- _Problem details_
Would you transcribe each of the entries exactly, with nothing added or dropped?

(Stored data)
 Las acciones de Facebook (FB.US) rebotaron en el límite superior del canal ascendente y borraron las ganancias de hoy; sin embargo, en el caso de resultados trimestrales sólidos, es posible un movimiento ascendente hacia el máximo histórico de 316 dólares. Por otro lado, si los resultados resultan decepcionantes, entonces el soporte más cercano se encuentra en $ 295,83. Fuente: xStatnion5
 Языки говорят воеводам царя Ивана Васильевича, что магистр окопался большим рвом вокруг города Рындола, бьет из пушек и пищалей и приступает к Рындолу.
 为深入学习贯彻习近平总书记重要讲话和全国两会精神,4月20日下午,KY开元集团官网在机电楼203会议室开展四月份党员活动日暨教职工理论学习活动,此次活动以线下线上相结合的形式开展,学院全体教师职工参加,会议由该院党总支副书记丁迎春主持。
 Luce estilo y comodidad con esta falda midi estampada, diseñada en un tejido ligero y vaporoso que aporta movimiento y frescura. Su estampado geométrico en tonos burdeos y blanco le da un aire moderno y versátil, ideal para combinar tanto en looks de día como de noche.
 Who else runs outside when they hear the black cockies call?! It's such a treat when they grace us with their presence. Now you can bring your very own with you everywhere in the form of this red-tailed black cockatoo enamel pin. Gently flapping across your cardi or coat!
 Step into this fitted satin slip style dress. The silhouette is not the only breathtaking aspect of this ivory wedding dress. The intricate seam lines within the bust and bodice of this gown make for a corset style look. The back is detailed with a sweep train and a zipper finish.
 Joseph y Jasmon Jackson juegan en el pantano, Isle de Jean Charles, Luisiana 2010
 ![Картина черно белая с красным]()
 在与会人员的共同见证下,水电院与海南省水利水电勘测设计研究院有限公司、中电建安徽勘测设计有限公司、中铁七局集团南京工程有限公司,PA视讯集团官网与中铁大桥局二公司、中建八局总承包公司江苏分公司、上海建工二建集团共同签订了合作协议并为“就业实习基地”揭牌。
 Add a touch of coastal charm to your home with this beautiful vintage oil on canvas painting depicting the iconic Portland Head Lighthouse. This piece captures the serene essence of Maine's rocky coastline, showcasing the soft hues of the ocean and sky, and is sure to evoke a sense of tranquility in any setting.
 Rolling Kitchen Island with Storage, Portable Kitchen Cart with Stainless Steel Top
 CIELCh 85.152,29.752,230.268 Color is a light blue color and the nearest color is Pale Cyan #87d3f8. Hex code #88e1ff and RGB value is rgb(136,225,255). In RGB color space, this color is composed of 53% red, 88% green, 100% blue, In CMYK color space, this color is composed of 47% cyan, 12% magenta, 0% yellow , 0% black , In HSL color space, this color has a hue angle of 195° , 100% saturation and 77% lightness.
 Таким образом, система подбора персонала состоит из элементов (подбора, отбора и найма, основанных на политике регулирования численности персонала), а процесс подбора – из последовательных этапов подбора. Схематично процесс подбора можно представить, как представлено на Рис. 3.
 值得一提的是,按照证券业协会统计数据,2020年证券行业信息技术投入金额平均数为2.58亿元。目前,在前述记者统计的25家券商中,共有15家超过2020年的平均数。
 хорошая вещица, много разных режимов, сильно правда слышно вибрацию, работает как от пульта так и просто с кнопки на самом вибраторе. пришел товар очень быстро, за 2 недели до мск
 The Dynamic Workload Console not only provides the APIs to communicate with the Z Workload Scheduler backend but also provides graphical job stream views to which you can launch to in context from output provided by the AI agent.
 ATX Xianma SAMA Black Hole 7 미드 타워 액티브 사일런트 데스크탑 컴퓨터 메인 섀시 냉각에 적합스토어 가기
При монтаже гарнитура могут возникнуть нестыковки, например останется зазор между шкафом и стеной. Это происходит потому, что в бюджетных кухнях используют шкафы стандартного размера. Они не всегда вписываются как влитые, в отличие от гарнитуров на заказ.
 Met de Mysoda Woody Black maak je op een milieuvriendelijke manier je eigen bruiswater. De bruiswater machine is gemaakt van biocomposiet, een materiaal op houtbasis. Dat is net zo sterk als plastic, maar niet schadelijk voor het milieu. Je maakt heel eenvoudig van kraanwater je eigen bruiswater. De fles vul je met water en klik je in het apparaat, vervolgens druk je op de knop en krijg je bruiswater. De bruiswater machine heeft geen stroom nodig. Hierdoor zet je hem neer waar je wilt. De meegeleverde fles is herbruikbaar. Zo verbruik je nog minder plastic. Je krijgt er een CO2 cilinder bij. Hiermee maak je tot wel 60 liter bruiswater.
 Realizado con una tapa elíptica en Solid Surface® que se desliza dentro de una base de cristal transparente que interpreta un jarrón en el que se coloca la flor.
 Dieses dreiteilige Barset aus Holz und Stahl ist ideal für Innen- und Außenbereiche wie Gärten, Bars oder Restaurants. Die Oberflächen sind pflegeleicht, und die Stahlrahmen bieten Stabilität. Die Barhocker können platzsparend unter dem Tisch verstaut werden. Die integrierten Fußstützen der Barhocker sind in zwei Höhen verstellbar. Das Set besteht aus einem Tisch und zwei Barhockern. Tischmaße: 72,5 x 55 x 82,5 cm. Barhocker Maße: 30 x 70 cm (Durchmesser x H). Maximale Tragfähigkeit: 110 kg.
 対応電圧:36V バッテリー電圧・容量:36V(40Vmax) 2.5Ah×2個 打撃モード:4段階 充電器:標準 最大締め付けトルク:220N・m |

- _Written response_
 Las acciones de Facebook (FB.US) rebotaron en el límite superior del canal ascendente y borraron las ganancias de hoy; sin embargo, en el caso de resultados trimestrales sólidos, es posible un movimiento ascendente hacia el máximo histórico de 316 dólares. Por otro lado, si los resultados resultan decepcionantes, entonces el soporte más cercano se encuentra en $ 295,83. Fuente: xStatnion5
 Языки говорят воеводам царя Ивана Васильевича, что магистр окопался большим рвом вокруг города Рындола, бьет из пушек и пищалей и приступает к Рындолу.
 为深入学习贯彻习近平总书记重要讲话和全国两会精神,4月20日下午,KY开元集团官网在机电楼203会议室开展四月份党员活动日暨教职工理论学习活动,此次活动以线下线上相结合的形式开展,学院全体教师职工参加,会议由该院党总支副书记丁迎春主持。
 Luce estilo y comodidad con esta falda midi estampada, diseñada en un tejido ligero y vaporoso que aporta movimiento y frescura. Su estampado geométrico en tonos burdeos y blanco le da un aire moderno y versátil, ideal para combinar tanto en looks de día como de noche.
 Who else runs outside when they hear the black cockies call?! It's such a treat when they grace us with their presence. Now you can bring your very own with you everywhere in the form of this red-tailed black cockatoo enamel pin. Gently flapping across your cardi or coat!
 Step into this fitted satin slip style dress. The silhouette is not the only breathtaking aspect of this ivory wedding dress. The intricate seam lines within the bust and bodice of this gown make for a corset style look. The back is detailed with a sweep train and a zipper finish.
 Joseph y Jasmon Jackson juegan en el pantano, Isle de Jean Charles, Luisiana 2010
 ![Картина черно белая с красным]()
 在与会人员的共同见证下,水电院与海南省水利水电勘测设计研究院有限公司、中电建安徽勘测设计有限公司、中铁七局集团南京工程有限公司,PA视讯集团官网与中铁大桥局二公司、中建八局总承包公司江苏分公司、上海建工二建集团共同签订了合作协议并为“就业实习基地”揭牌。
 Add a touch of coastal charm to your home with this beautiful vintage oil on canvas painting depicting the iconic Portland Head Lighthouse. This piece captures the serene essence of Maine's rocky coastline, showcasing the soft hues of the ocean and sky, and is sure to evoke a sense of tranquility in any setting.
 Rolling Kitchen Island with Storage, Portable Kitchen Cart with Stainless Steel Top
 CIELCh 85.152,29.752,230.268 Color is a light blue color and the nearest color is Pale Cyan #87d3f8. Hex code #88e1ff and RGB value is rgb(136,225,255). In RGB color space, this color is composed of 53% red, 88% green, 100% blue, In CMYK color space, this color is composed of 47% cyan, 12% magenta, 0% yellow , 0% black , In HSL color space, this color has a hue angle of 195° , 100% saturation and 77% lightness.
 Таким образом, система подбора персонала состоит из элементов (подбора, отбора и найма, основанных на политике регулирования численности персонала), а процесс подбора – из последовательных этапов подбора. Схематично процесс подбора можно представить, как представлено на Рис. 3.
 值得一提的是,按照证券业协会统计数据,2020年证券行业信息技术投入金额平均数为2.58亿元。目前,在前述记者统计的25家券商中,共有15家超过2020年的平均数。
 хорошая вещица, много разных режимов, сильно правда слышно вибрацию, работает как от пульта так и просто с кнопки на самом вибраторе. пришел товар очень быстро, за 2 недели до мск
 The Dynamic Workload Console not only provides the APIs to communicate with the Z Workload Scheduler backend but also provides graphical job stream views to which you can launch to in context from output provided by the AI agent.
 ATX Xianma SAMA Black Hole 7 미드 타워 액티브 사일런트 데스크탑 컴퓨터 메인 섀시 냉각에 적합스토어 가기
При монтаже гарнитура могут возникнуть нестыковки, например останется зазор между шкафом и стеной. Это происходит потому, что в бюджетных кухнях используют шкафы стандартного размера. Они не всегда вписываются как влитые, в отличие от гарнитуров на заказ.
 Met de Mysoda Woody Black maak je op een milieuvriendelijke manier je eigen bruiswater. De bruiswater machine is gemaakt van biocomposiet, een materiaal op houtbasis. Dat is net zo sterk als plastic, maar niet schadelijk voor het milieu. Je maakt heel eenvoudig van kraanwater je eigen bruiswater. De fles vul je met water en klik je in het apparaat, vervolgens druk je op de knop en krijg je bruiswater. De bruiswater machine heeft geen stroom nodig. Hierdoor zet je hem neer waar je wilt. De meegeleverde fles is herbruikbaar. Zo verbruik je nog minder plastic. Je krijgt er een CO2 cilinder bij. Hiermee maak je tot wel 60 liter bruiswater.
 Realizado con una tapa elíptica en Solid Surface® que se desliza dentro de una base de cristal transparente que interpreta un jarrón en el que se coloca la flor.
 Dieses dreiteilige Barset aus Holz und Stahl ist ideal für Innen- und Außenbereiche wie Gärten, Bars oder Restaurants. Die Oberflächen sind pflegeleicht, und die Stahlrahmen bieten Stabilität. Die Barhocker können platzsparend unter dem Tisch verstaut werden. Die integrierten Fußstützen der Barhocker sind in zwei Höhen verstellbar. Das Set besteht aus einem Tisch und zwei Barhockern. Tischmaße: 72,5 x 55 x 82,5 cm. Barhocker Maße: 30 x 70 cm (Durchmesser x H). Maximale Tragfähigkeit: 110 kg.
 対応電圧:36V バッテリー電圧・容量:36V(40Vmax) 2.5Ah×2個 打撃モード:4段階 充電器:標準 最大締め付けトルク:220N・m |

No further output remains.